■ **Task statement**
Without the pictures, write out every entry that follows exactly.

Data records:
━━━━━━━━

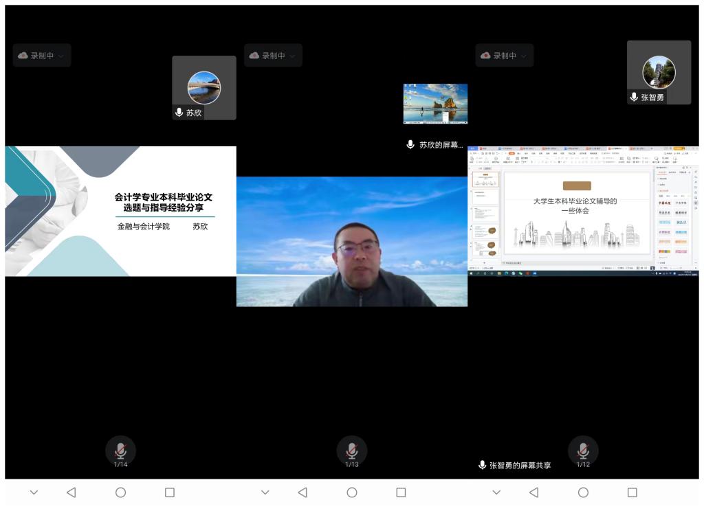 10月27日下午3点,pa电子官方网站开展优秀本科生毕业论文指导经验分享活动,活动以腾讯会议方式举行,邀请省级优秀论文指导教师张智勇副教授和苏欣博士分享指导经验。pa电子全体教师、外聘论文指导教师以及部分学生参加了本次活动,活动由副院长崔海红博士主持。
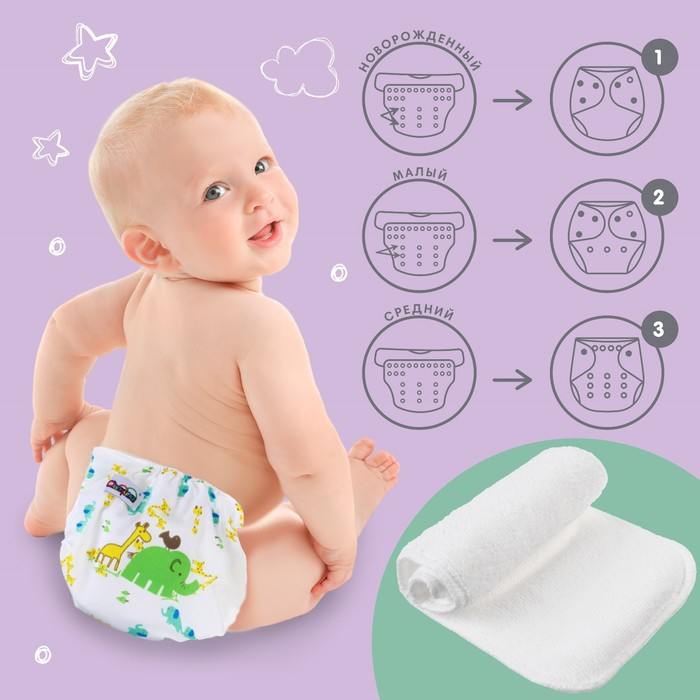 Многоразовый подгузник «Звезды», 3-15 кг, цвет белый, Крошка Я
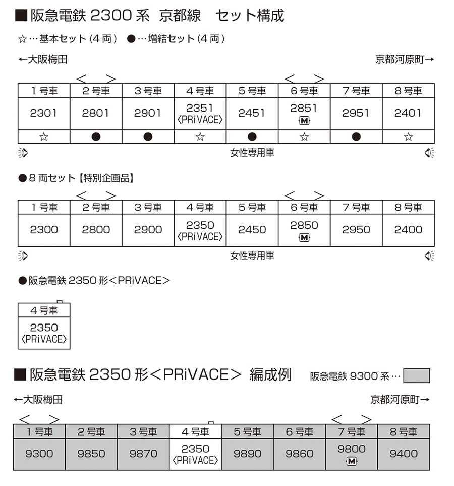 ◆阪急電鐵2350形(可編入阪急電鐵9300系京都線編組內)亦同步單獨發售,讓您更靈活搭配,重現實際運行編成。
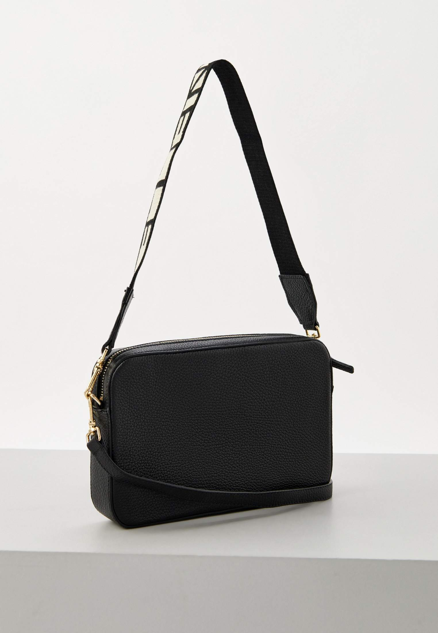 - Плавные, абсолютно гармонично выверенные линии сумки Tebe буквально зачаровывают своей лаконичностью. Черная модель camera-bag отличается жестким корпусом прямоугольной формы, выполненным из натуральной зернистой кожи. Кожа прошла специальную обработку, за счет чего стала устойчивой к заломам и мелким повреждениям, сохраняя природную мягкость. Фурнитура с блестящим покрытием не темнеет и долгое время сохраняет прекрасный внешний вид. Сумка украшена золотистым принтованным логотипом по центру. Съемный плечевой ремешок сделан из текстиля с крупными логотипами в технике интарсия.
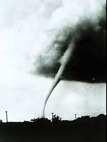 الإعصار القُمْعيّ (ملاحظة 1) هو عاصفة هوائية عنيفة تتميز بغيمة مخروطية دوارة وقمع متكثف وغيمة من الغبار الدوار حول التورناِدو .
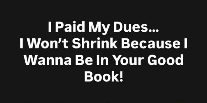 I won’t shrink because I wanna be in your good book!
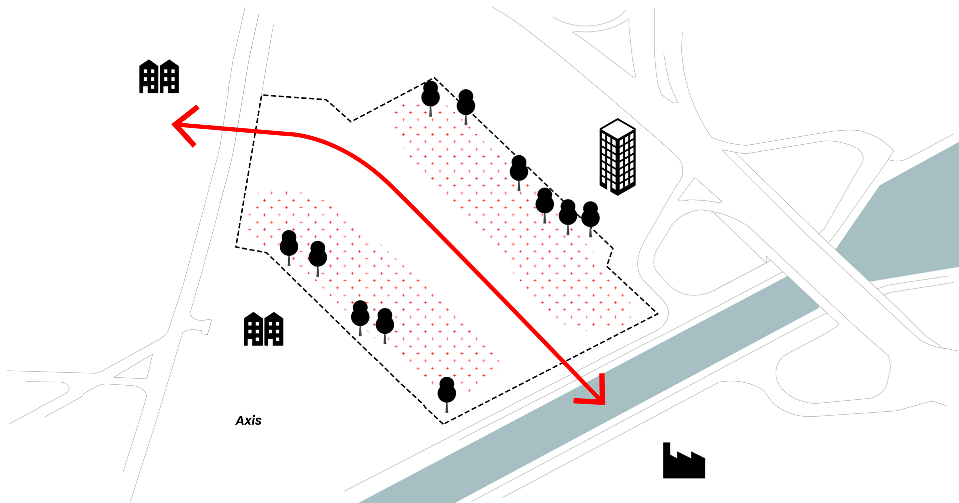 De site wordt volledig publiek doorwaadbaar. Een openbare weg voor voetgangers en fietsers verbindt de Walcourtwijk met het kanaal. Aan het kanaal wordt het hoogteverschil tussen de promenade en het kanaal overbrugd met een brede zuidgerichte trappenpartij. Die vormt het trotse gezicht van het project en betrekt de aangrenzende gebouwen rond een centrale, groene ruimte langs het water. Nog een verbindende factor voor de site wordt de groenaanleg. Die maakt van de site een groene long in de stad en vormt tegelijk een natuurlijke buffer voor de rondgelegen wijk.

━━━━━━━━

■ **Answer space**
 10月27日下午3点,pa电子官方网站开展优秀本科生毕业论文指导经验分享活动,活动以腾讯会议方式举行,邀请省级优秀论文指导教师张智勇副教授和苏欣博士分享指导经验。pa电子全体教师、外聘论文指导教师以及部分学生参加了本次活动,活动由副院长崔海红博士主持。
 Многоразовый подгузник «Звезды», 3-15 кг, цвет белый, Крошка Я
 ◆阪急電鐵2350形(可編入阪急電鐵9300系京都線編組內)亦同步單獨發售,讓您更靈活搭配,重現實際運行編成。
 - Плавные, абсолютно гармонично выверенные линии сумки Tebe буквально зачаровывают своей лаконичностью. Черная модель camera-bag отличается жестким корпусом прямоугольной формы, выполненным из натуральной зернистой кожи. Кожа прошла специальную обработку, за счет чего стала устойчивой к заломам и мелким повреждениям, сохраняя природную мягкость. Фурнитура с блестящим покрытием не темнеет и долгое время сохраняет прекрасный внешний вид. Сумка украшена золотистым принтованным логотипом по центру. Съемный плечевой ремешок сделан из текстиля с крупными логотипами в технике интарсия.
 الإعصار القُمْعيّ (ملاحظة 1) هو عاصفة هوائية عنيفة تتميز بغيمة مخروطية دوارة وقمع متكثف وغيمة من الغبار الدوار حول التورناِدو .
 I won’t shrink because I wanna be in your good book!
 De site wordt volledig publiek doorwaadbaar. Een openbare weg voor voetgangers en fietsers verbindt de Walcourtwijk met het kanaal. Aan het kanaal wordt het hoogteverschil tussen de promenade en het kanaal overbrugd met een brede zuidgerichte trappenpartij. Die vormt het trotse gezicht van het project en betrekt de aangrenzende gebouwen rond een centrale, groene ruimte langs het water. Nog een verbindende factor voor de site wordt de groenaanleg. Die maakt van de site een groene long in de stad en vormt tegelijk een natuurlijke buffer voor de rondgelegen wijk.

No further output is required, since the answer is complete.